Uscite dal caos cittadino attraversiamo la zona artigianale dove l’inceneritore la fa da padrone. L’odore acre riesce ad entrare nell’abitacolo per qualche secondo e dallo specchietto retrovisore guardo la nuvola che circonda la torre grigia e rimpiango i vapori termali che uscivano dai tombini del mio paese d’origine.
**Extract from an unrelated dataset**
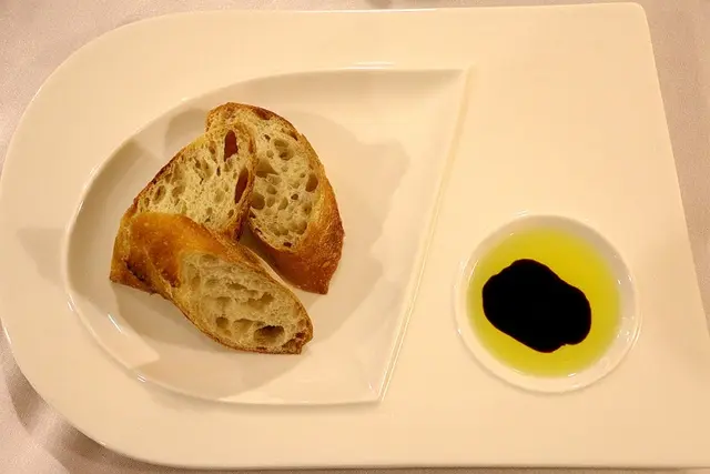 口感扎實的法國麵包沾上了迷人香氣的巴薩米克醋及白松露結合的油醋醬

Finalmente iniziano le salite delle colline dell’entroterra romagnolo. A differenza dei miei cari Colli Euganei, tutti curve a gomito e vegetazione fitta, quelli riccionesi permettono una visuale ampia, distensiva e riossigenante. Le sfumature celesti e bluastri e cobalto del mare si godono solo dall’alto. Inizio a rilassarmi nonostante la voglia incalzante di rincasare e rifletto su quante meraviglie ci perdiamo quando siamo di fretta, quando siamo distratti, quando lo stress quotidiano ci punzecchia di continuo ricordandoci che è tardi.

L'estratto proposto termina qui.